The problem: For this exercise, an exact copy is needed of only the lines from the one containing "据Prismark预测,中国" through the end of the data, with pictures left out.

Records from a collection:

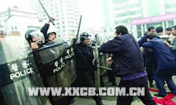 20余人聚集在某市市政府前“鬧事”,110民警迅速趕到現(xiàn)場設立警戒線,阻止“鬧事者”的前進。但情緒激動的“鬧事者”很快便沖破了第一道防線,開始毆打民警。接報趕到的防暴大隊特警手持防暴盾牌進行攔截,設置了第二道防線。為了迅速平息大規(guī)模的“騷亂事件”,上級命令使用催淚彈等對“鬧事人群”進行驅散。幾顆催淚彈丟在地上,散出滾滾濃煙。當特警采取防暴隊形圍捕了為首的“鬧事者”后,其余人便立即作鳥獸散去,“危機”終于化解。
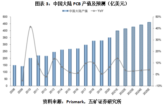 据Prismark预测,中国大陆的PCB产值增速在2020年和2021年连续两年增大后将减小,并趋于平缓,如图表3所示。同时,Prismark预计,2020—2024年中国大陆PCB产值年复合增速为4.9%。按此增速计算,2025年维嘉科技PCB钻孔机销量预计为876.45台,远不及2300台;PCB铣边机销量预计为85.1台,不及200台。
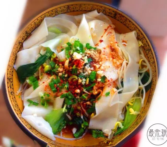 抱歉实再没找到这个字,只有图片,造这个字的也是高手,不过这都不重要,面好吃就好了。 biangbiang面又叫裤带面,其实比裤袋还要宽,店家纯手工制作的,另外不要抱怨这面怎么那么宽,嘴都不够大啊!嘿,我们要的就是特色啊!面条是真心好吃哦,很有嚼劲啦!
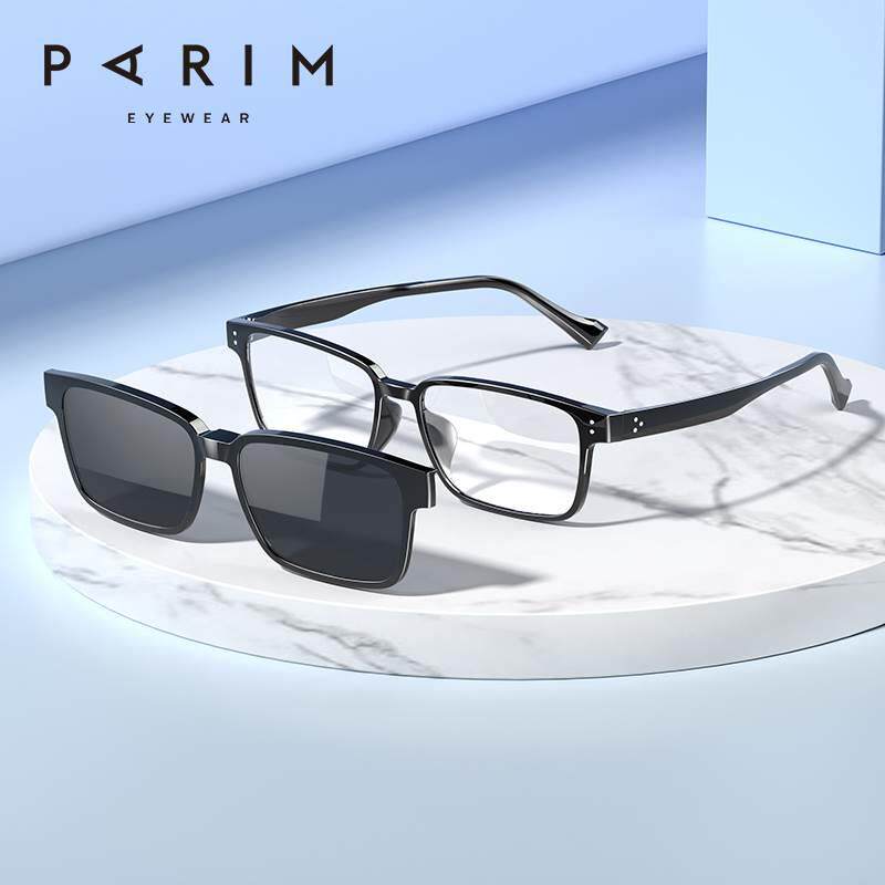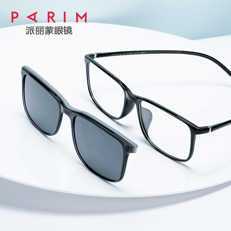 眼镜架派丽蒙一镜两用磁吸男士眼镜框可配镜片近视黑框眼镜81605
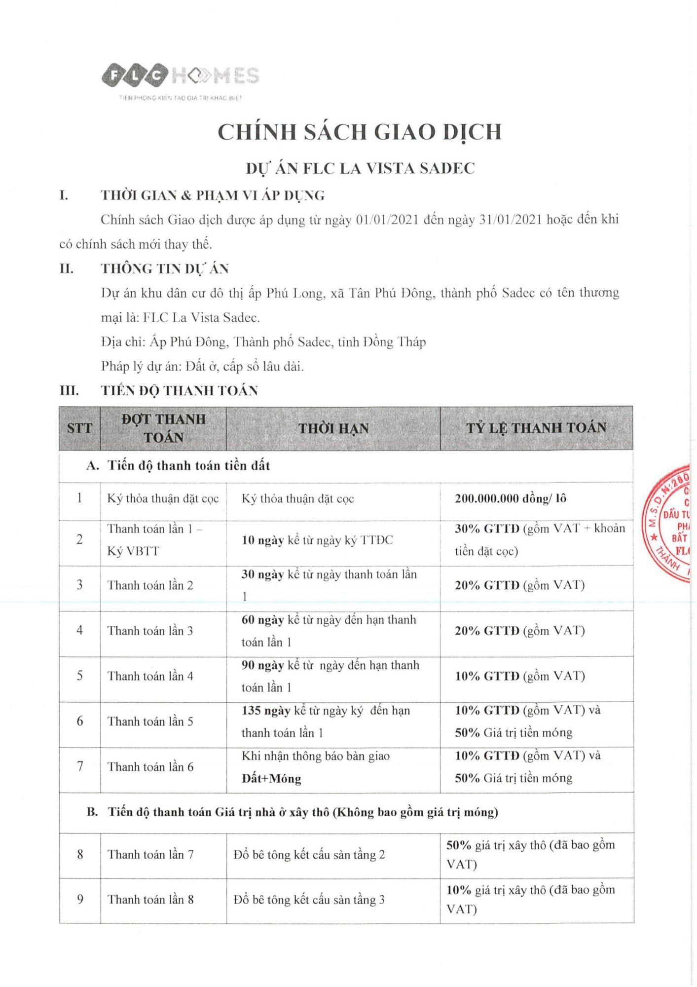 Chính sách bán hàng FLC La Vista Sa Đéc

Task result:
 据Prismark预测,中国大陆的PCB产值增速在2020年和2021年连续两年增大后将减小,并趋于平缓,如图表3所示。同时,Prismark预计,2020—2024年中国大陆PCB产值年复合增速为4.9%。按此增速计算,2025年维嘉科技PCB钻孔机销量预计为876.45台,远不及2300台;PCB铣边机销量预计为85.1台,不及200台。
 抱歉实再没找到这个字,只有图片,造这个字的也是高手,不过这都不重要,面好吃就好了。 biangbiang面又叫裤带面,其实比裤袋还要宽,店家纯手工制作的,另外不要抱怨这面怎么那么宽,嘴都不够大啊!嘿,我们要的就是特色啊!面条是真心好吃哦,很有嚼劲啦!
 眼镜架派丽蒙一镜两用磁吸男士眼镜框可配镜片近视黑框眼镜81605
 Chính sách bán hàng FLC La Vista Sa Đéc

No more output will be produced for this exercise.